Further, since the pressing side does not have a raised portion or the like, its heat capacity becomes small, rapid heating and cooling are possible, and the working speed can be increased. Moreover, since the cross section of the pressing side is constant, no bending occurs due to temperature change, it is possible to press evenly on many bonding parts, uniform soldering is possible, and thermal deformation can be absorbed. It is possible to prevent the tool from being damaged by fatigue due to mechanical stress.

Furthermore, since the surface of the tool made of tungsten steel used for increasing the rigidity is covered with the non-solder adherent, solder is not adhered to the tool and a short circuit occurs due to the solder bridge between the lead wires.
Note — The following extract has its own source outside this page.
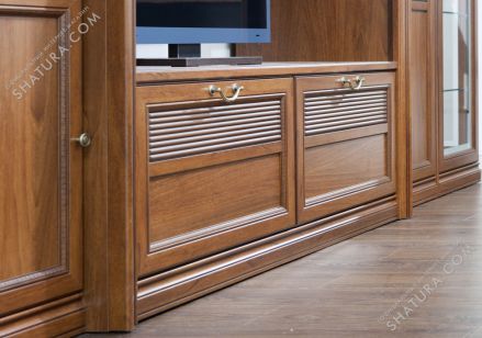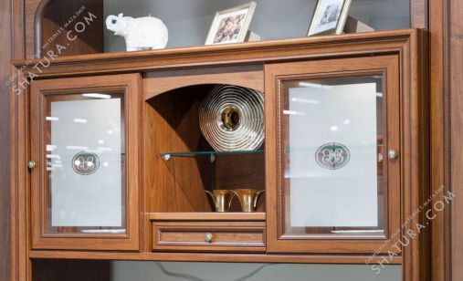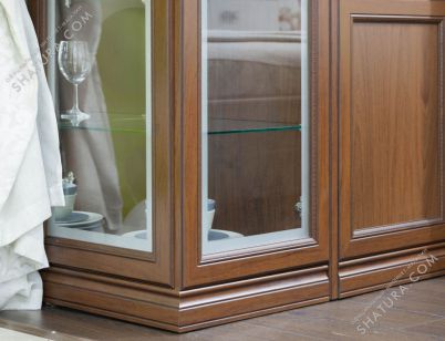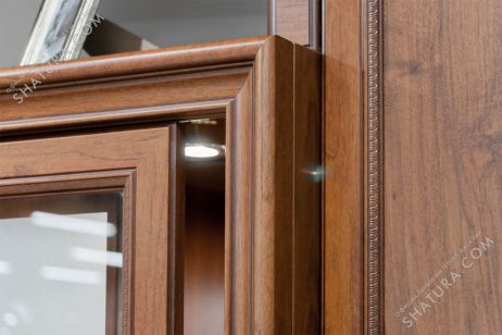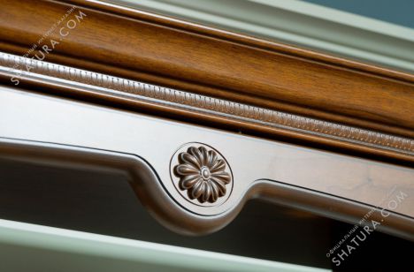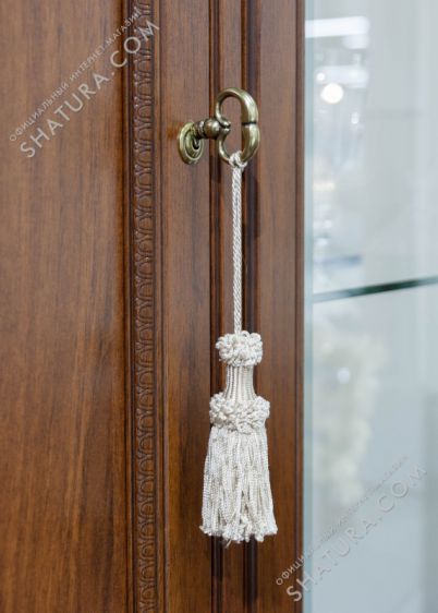 *Применяемая фурнитура в соответствии с последними техническими разработками мировых производителей мебельной фурнитуры. Это в первую очередь направляющие Quadro на всех ящиках шкафов, тумб и комодов и, конечно же, петли дверей Hettich. *Оригинальные решения в декоре стекол (паспарту и вензеля) в гостиных и декоративных накладках МДФ на фасадах шкафов в спальнях. Дополнительный шарм мебели придают кисточки на ручках-ключиках высоких щитовых дверей.

Nothing.

[Brief description of drawings]

FIG. 1 is a front view of one embodiment of the present invention.

FIG. 2 is a bottom view thereof.

FIG. 3 is a diagram showing a temperature difference between a center portion and an end portion of a pressing side measured by changing a length of a connecting side.
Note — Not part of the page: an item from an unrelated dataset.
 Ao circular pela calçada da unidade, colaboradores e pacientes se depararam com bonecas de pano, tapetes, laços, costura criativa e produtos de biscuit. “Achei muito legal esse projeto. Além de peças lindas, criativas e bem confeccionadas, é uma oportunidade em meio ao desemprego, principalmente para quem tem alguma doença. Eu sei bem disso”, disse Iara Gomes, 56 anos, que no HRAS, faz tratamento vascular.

FIG. 4 is a perspective view of a conventional thermocompression bonding tool.

FIG. 5 is a temperature distribution diagram of a pressing surface.

[Explanation of symbols]

 10 ... Thermocompression bonding tool 12 ... Power supply terminal 14 ... Pressing side 16 ... Pressing surface 18 ... Connecting side

Claims (1)

[Claims] 1. A plate member is formed in a substantially rectangular frame shape, and one side of this frame is cut out at the center to form a pair of power supply terminals, and a side opposite to these power supply terminals presses a bonded material. In the thermocompression bonding tool described above, the thermocompression bonding tool is made of tungsten steel, and each length of two sides connecting the both ends of the pressing side and each of the power supply terminals is substantially equal to the length of the pressing side. A thermocompression bonding tool, characterized in that the cross-sectional areas of these respective sides are formed to be substantially equal, and each part except the power supply terminal is covered with a non-solder adherend.